*Action item*: Transcribe, starting at the line with "2021年8月12日来店。値" and ending at the line with "Змішувач для кухні", every line of the material below exactly, but leave out the pictures and anything outside that span.
-------- The records
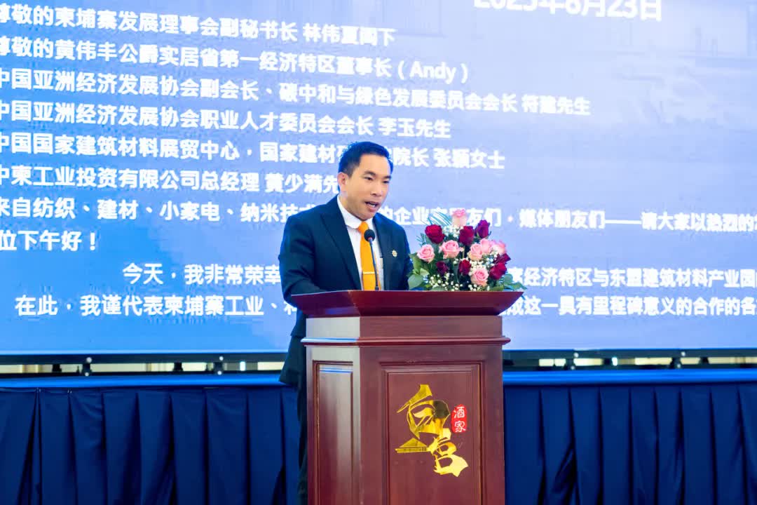 2025 年 8 月 23 日,备受瞩目的 “柬埔寨实居省第一经济特区东盟建材产业园首批入驻企业签约仪式” 在柬埔寨金边隆重举行。11 家中资企业代表齐聚现场,正式签署入驻合作谅解备忘录,标志着该产业园在构建区域建材产业生态、深化中柬产业合作方面迈出关键一步。
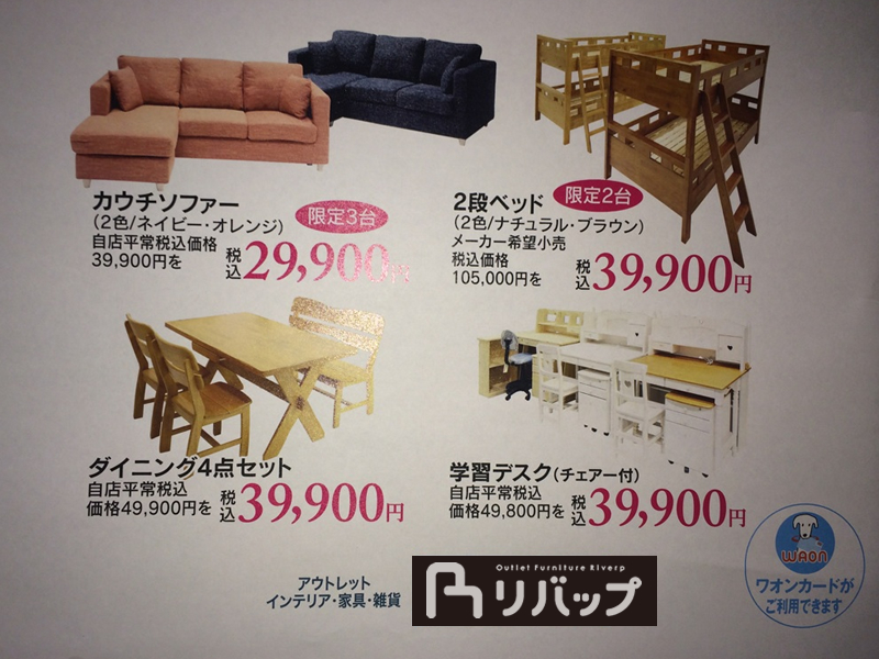 アウトレット家具のリバップ若松店です☆ 直方店に続きまして若松店も2014年新年のお年玉大特価!! 若松店限定です。 詳しくはリバップFacebookページをご覧ください。 (function…
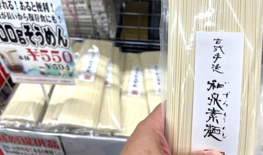 2021年8月12日来店。値札の上に茹で時間が表示されるようになりました。これは老眼が進む40歳以上の年齢層とワーキングマザーへの優しさか。季節もののそうめんだけかと思いきや、
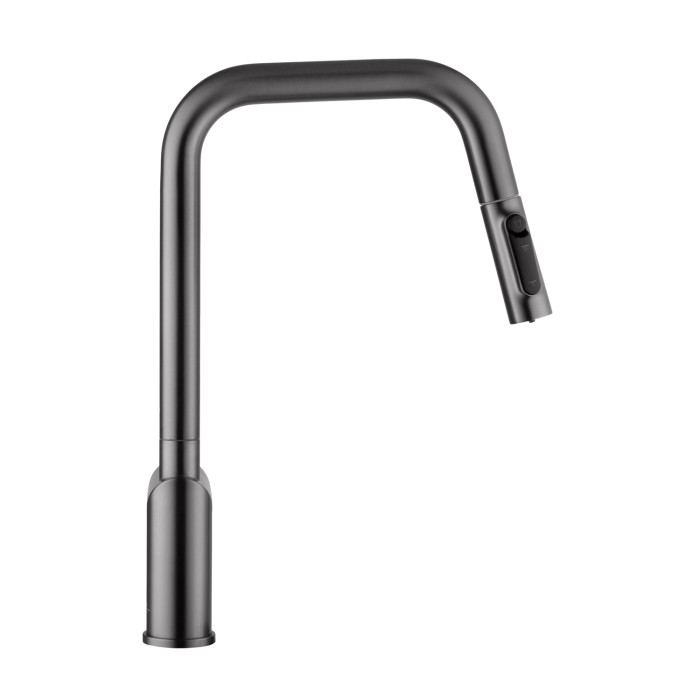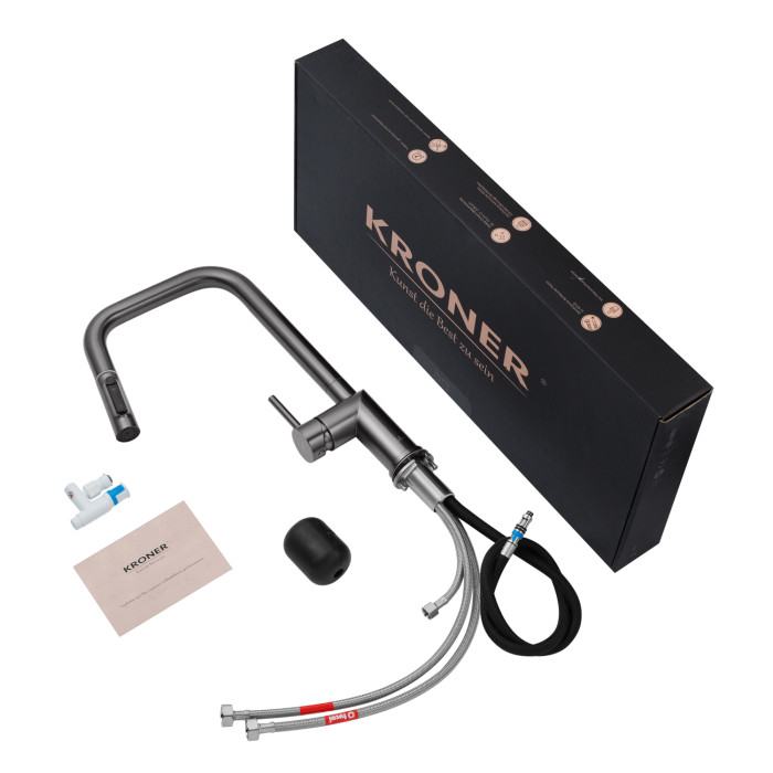 Змішувач для кухні Kroner Element 296569B-5301 — сучасний і технологічний кухонний змішувач у стильному графітовому кольорі з матовим покриттям, який ефектно підкреслює інтер'єр і виглядає особливо актуально в кухнях у стилі лофт, модерн або мінімалізм.
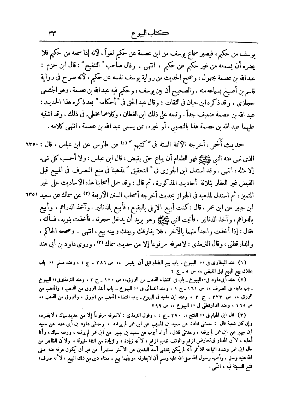 يُوسُفَ مِنْ حَكِيمٍ، فَيَصِيرُ سَمَاعُ يُوسُفَ مِنْ ابْنِ عِصْمَةَ عَنْ حَكِيمٍ لَغْوًا، لِأَنَّهُ إذَا سَمِعَهُ مِنْ حَكِيمٍ فَلَا يَضُرُّهُ أَنْ يَسْمَعَهُ مِنْ غَيْرِ حَكِيمٍ عَنْ حَكِيمٍ، انْتَهَى. وَقَالَ صَاحِبُ التَّنْقِيحِ: قَالَ ابْنُ حَزْمٍ: عَبْدُ اللَّهِ بْنُ عِصْمَةَ مَجْهُولٌ، وَصَحَّحَ الْحَدِيثَ مِنْ رِوَايَةِ يُوسُفَ نَفْسِهِ عَنْ حَكِيمٍ، لِأَنَّهُ صَرَّحَ فِي رِوَايَةِ قَاسِمِ بْنِ أَصْبَغَ بِسَمَاعِهِ مِنْهُ، وَالصَّحِيحُ أَنَّ بَيْنَ يُوسُفَ، وَحَكِيمٍ فِيهِ عَبْدَ اللَّهِ بْنَ عِصْمَةَ، وَهُوَ الْجُشَمِيُّ حِجَازِيٌّ، وَقَدْ ذَكَرَهُ ابْنُ حِبَّانَ فِي الثِّقَاتِ، وَقَالَ عَبْدُ الْحَقِّ فِي أَحْكَامِهِ بَعْدَ ذِكْرِهِ هَذَا الْحَدِيثَ: عَبْدُ اللَّهِ بْنُ عِصْمَةَ ضَعِيفٌ جِدًّا، وَتَبِعَهُ عَلَى ذَلِكَ ابْنُ الْقَطَّانِ، وَكِلَاهُمَا مُخْطِئٌ فِي ذَلِكَ، وَقَدْ اشْتَبَهَ عَلَيْهِمَا عَبْدُ اللَّهِ بْنُ عِصْمَةَ هَذَا بِالنُّصَيْبِيِّ، أَوْ غَيْرِهِ، مِمَّنْ يُسَمَّى عَبْدَ اللَّهِ بْنَ عِصْمَةَ، انْتَهَى كَلَامُهُ.
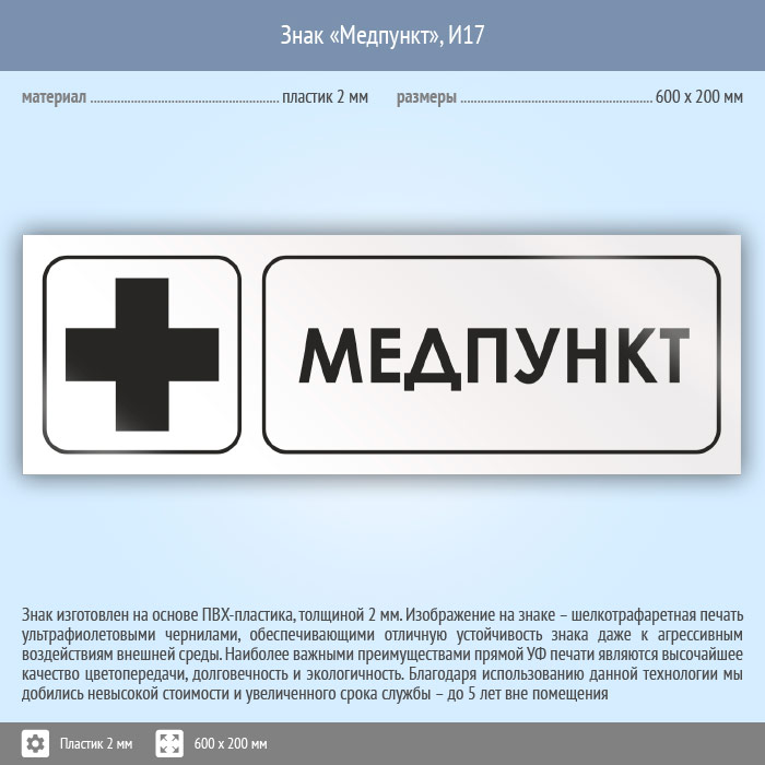 Знак «Медпункт», И17 (пластик, 600х200 мм) в Черкесске купить
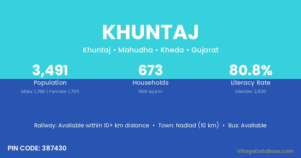 Nadiad (10 km) is the nearest town to Khuntaj village for major economic activities and is located approximately 10 km away.
----------------
*Task output*:
 2021年8月12日来店。値札の上に茹で時間が表示されるようになりました。これは老眼が進む40歳以上の年齢層とワーキングマザーへの優しさか。季節もののそうめんだけかと思いきや、
 Змішувач для кухні Kroner Element 296569B-5301 — сучасний і технологічний кухонний змішувач у стильному графітовому кольорі з матовим покриттям, який ефектно підкреслює інтер'єр і виглядає особливо актуально в кухнях у стилі лофт, модерн або мінімалізм.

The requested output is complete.